Descent of Dragons akan menjadi expansion pack terakhir dari event Year of the Dragon. Update ini menghadirkan sejumlah mekanisme baru. Saya bukan pemain Hearthstone, namun berdasarkan penjelasan developer Alec Dawson di video, Descent of Dragons memperkenalkan hero card Galakrond, nenek moyang dari segala spesies naga. Ia sangat kuat dan bisa di-upgrade ke tiga wujud berbeda selama ada di deck Anda.

Semua pemain akan mendapatkan Galakrond saat Descent of Dragons meluncur, namun hanya ‘kelas jahat’ yang bisa menggunakannya (Priest, Rogue, Shaman, Warlock, Warrior). Masing-masing orang kemungkinan memperoleh versi berbeda dari Galakrond (Azeroth’s End, The Apocalypse, The Wretched. Sementara itu, ‘kelas baik’ (Mage, Hunter, Druid, Paladin) diperkenankan untuk bermain-main dengan kartu yang tak kalah ampuh, yaitu Side Quest. Cara kerjanya mirip Quest Cards.

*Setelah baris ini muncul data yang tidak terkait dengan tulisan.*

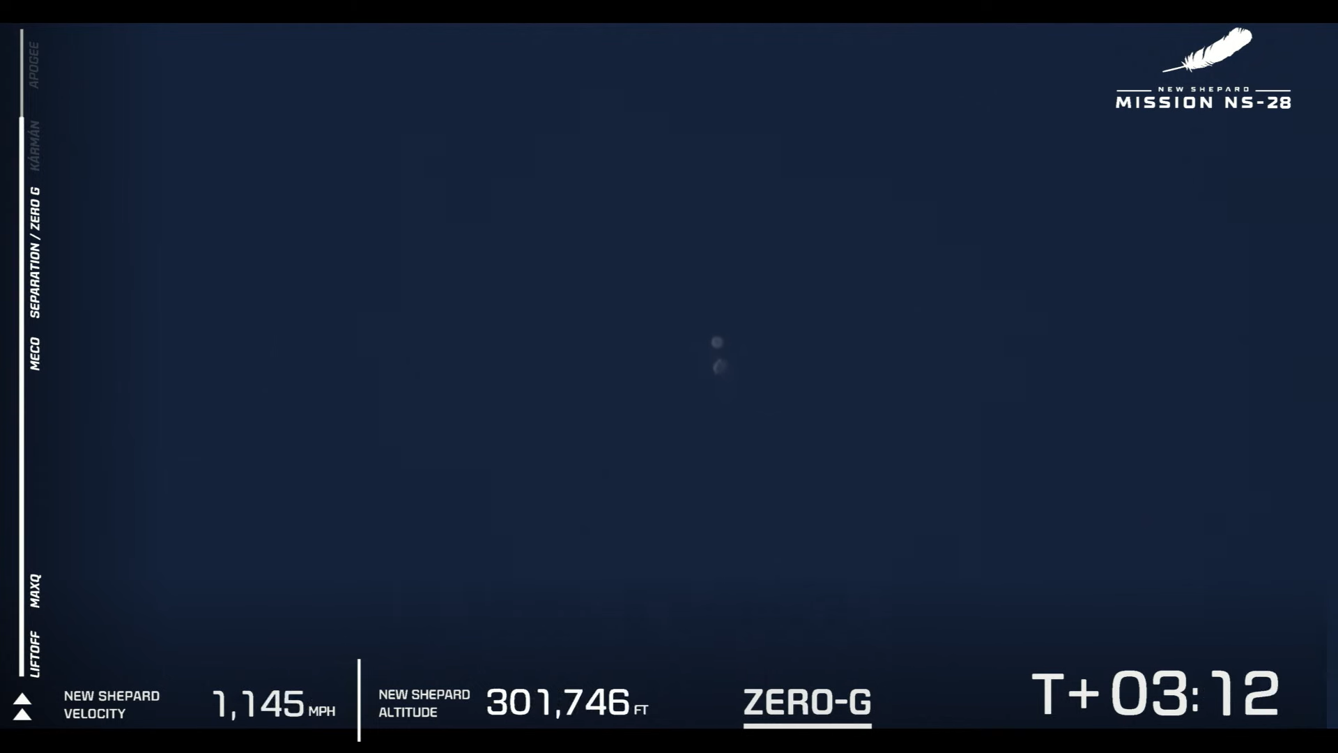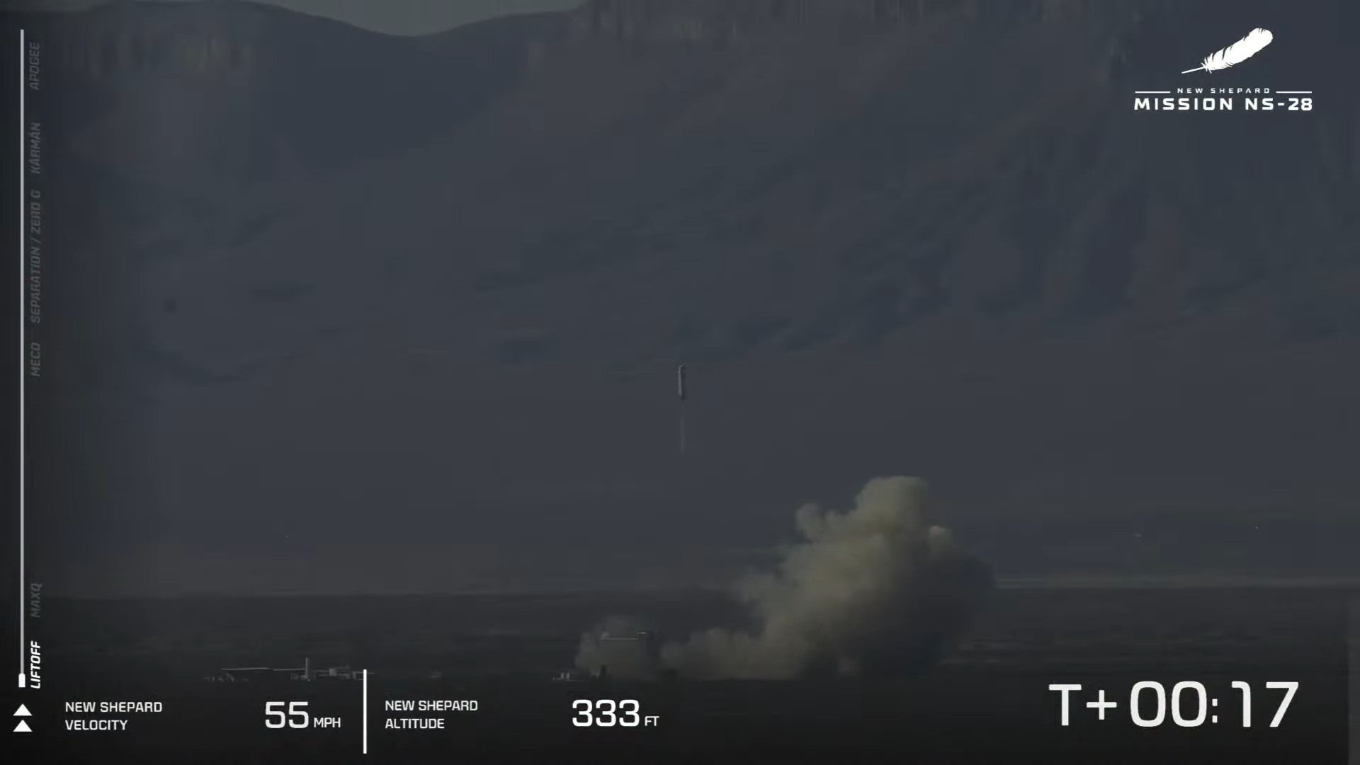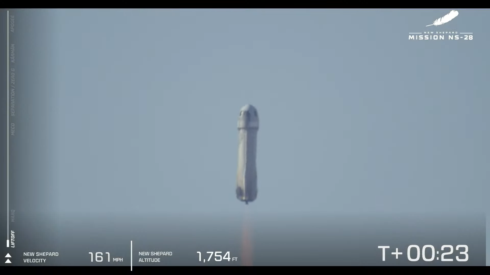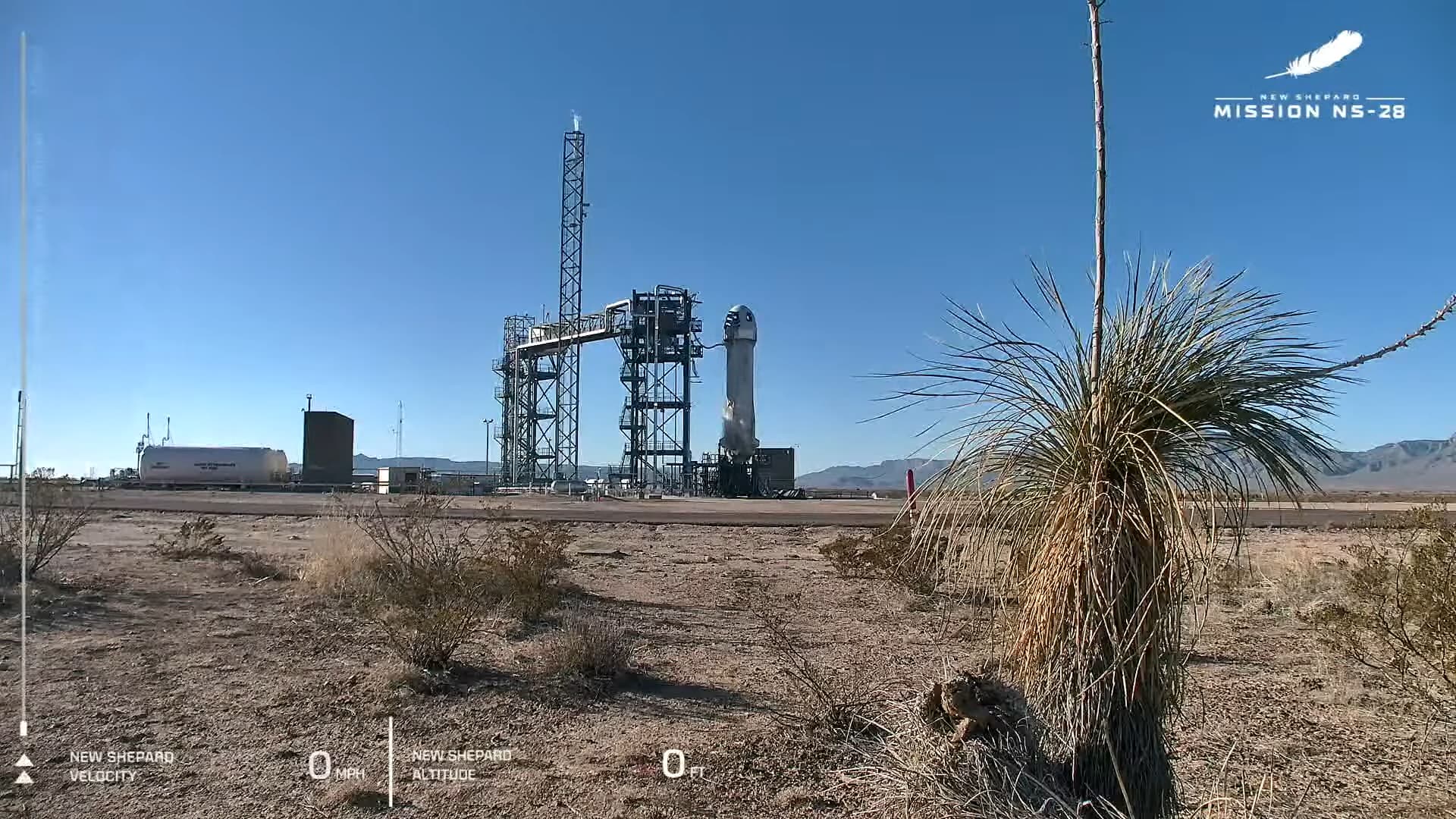 Ventottesimo di tutti i voli del programma, New Shepard ha già fatto volare 43 esseri umani sopra la linea di Kármán in nove missioni e rivola la sua decima con equipaggio portando quattro neofiti e due veterani.

Ya itu dia empat game andalan Blizzard Entertainment di BlizzCon 2019. Judul apa yang jadi favorit Anda? Saya pribadi berharap agar Overwatch 2 mampu memberikan pengalaman bermain yang lebih menyeluruh. Namun di antara keempat judul ini, perhatian saya terkunci pada Diablo IV. Saya berharap (walaupun tahu kesempatannya sangat kecil), Blizzard membiarkan gamer bermain secara offline. Dari impresi awal, ARPG dark fantasy ini terlihat begitu mengesankan.